One of the most important aspects of a database engine is its durability. Now, that is a personal opinion as a database author, but I consider this to be a pretty important consideration when selecting a database. Other database engines disagree, from pure in-memory databases, which lose all data on a restart, to databases that make a "best effort" and will work as long as they don't crash in the wrong place.
Because there are several different metrics for what durable means, I'll provide several levels of possible durability requirements.
- None: If the application/server restarts, all the data is lost. This is typically is used for in-memory databases, explicitly giving up durability for performance.
- Try: The data is written to disk, but no attempt is made to make sure that it is coherent/up to date. This is typically is used to start up an in-memory/near in-memory database from cold state.
- Crash: If the database has confirmed a write, then immediately crashed, the data is still there. Most databases try to get to this level.
- Power loss: If the database has confirmed a write, even complete power loss of the entire machine will still keep the written data. This is where you want to be.
Note that in all those cases, I'm talking about single-node databases, distributed stuff is a lot more complex, so I'll not touch it here.

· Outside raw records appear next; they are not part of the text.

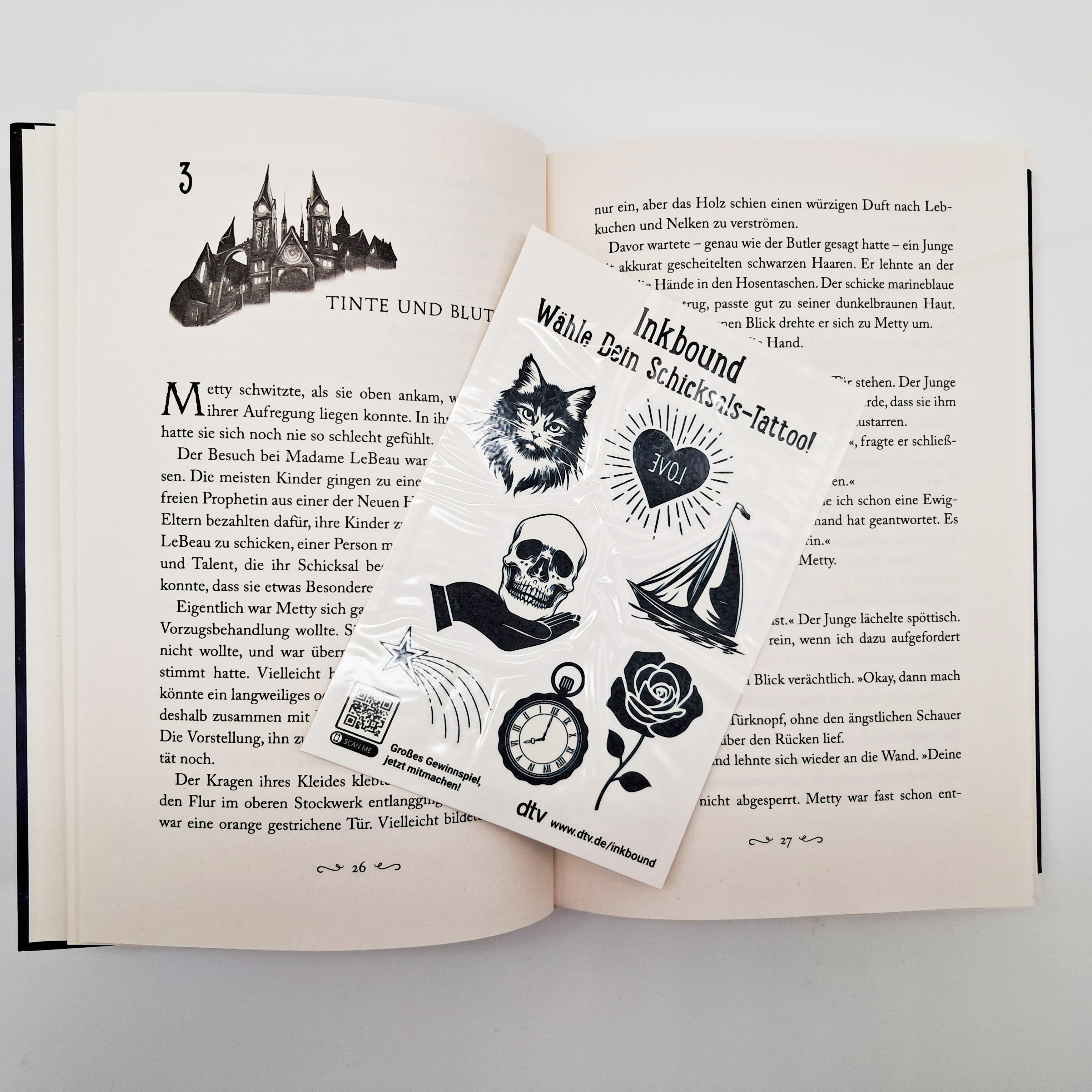 - Mit Tattoo-Stickern in der ersten Auflage
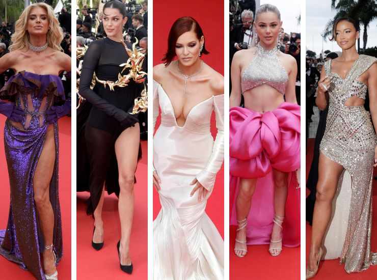 Victoria Silvstedt riappare a Cannes portando un pizzico di colore sul tappeto rosso. Il suo long dress viola è ravvivato da paillettes e porta la firma di Ziad Nakad. Total black è l’abito in chiffon che gioca con le trasparenze scelto da Iris Mittenaere, con applicazioni in oro che si arrampicano sul busto e sul braccio di Stephane Rolland. Bianco perla è invece il long dress con scollatura profonda e drappeggi in stile Mermaidcore proposto da Maëva Coucke. Rosa shocking è la gonna scultorea in raso proposta da Romane Bertrand accompagnata da un crop top d’argento. Infine Flora Coquerel non rinuncia al cut out, con un look metallico che rincorre oro e argento.
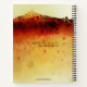 This is a couple travel vacation plans notebook with 'Adventure Awaits' title in lovely script font. A beautiful abstract digital art design featuring a orange red mountain landscape inspired by Spain as background on the front page and backpage.
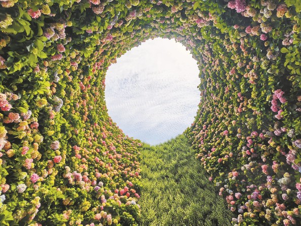 值得一提的是,现场打造的直径10米、高8米的三层巨型绣球花欢庆蛋糕艺术装置(见上图)成了最具标志性的打卡地标。
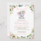 Elva barnduschinbjudningar till en söt flicka. De här inbjudningarna har vattenfärgade blommigtar med en söt rosa elefant. De innehåller också guld-accenter.
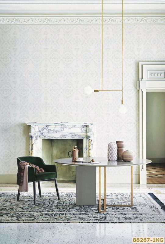 Giấy dán tường hàn quốc 88267-1 là mẫu họa tiết hoa văn to bản kết hợp với nền giấy gam màu sáng
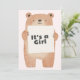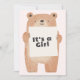 Bienvenue à votre petite fille avec cette adorable invitation baby shower avec une illustration d’ours doux portant une pancarte qui dit "C’est une fille". L'envers comprend des détails d'événement avec un arrière - plan rose doux et une tête ludique sur le thème de l'ours. Parfait pour les baby showers à thème boisé ou animal avec une touche féminine !
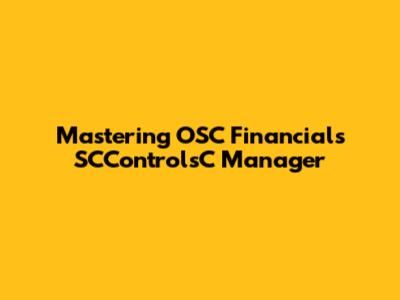 Mastering OSC Financials SCControlsC Manager
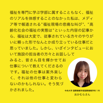 - 【まずは説明会へ】学生目線で "福祉" をインタビュー!感じた魅力を発信しよう
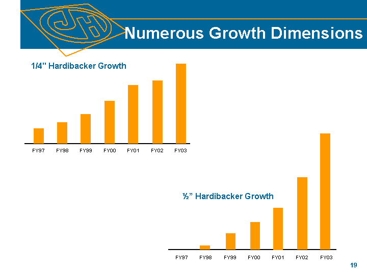 | Numerous Growth Dimensions 1/2" Hardibacker Growth FY97 FY98 FY99 FY00 FY01 FY02 FY03 1/4" Hardibacker Growth FY97 FY98 FY99 FY00 FY01 FY02 FY03 |

This is when talking about durability, but there is also the notion of atomicity — in other words, a transaction that is composed of multiple operations should either be there complete (and certain if confirmed to the client) or not be there at all (rollback). There should never be a situation where some of the records went in and some didn't.
Finally, there is the paranoid mode for durability, in which you don't trust the hardware, so you write to multiple locations, hash it and validate. Personally, at that level, I think that this is the purpose of the file system to verify that, and this is where the responsibility of the database ends, but if you are stuck with a poor file system choice (like FAT a decade or two ago), that is certainly something that you'll have to consider.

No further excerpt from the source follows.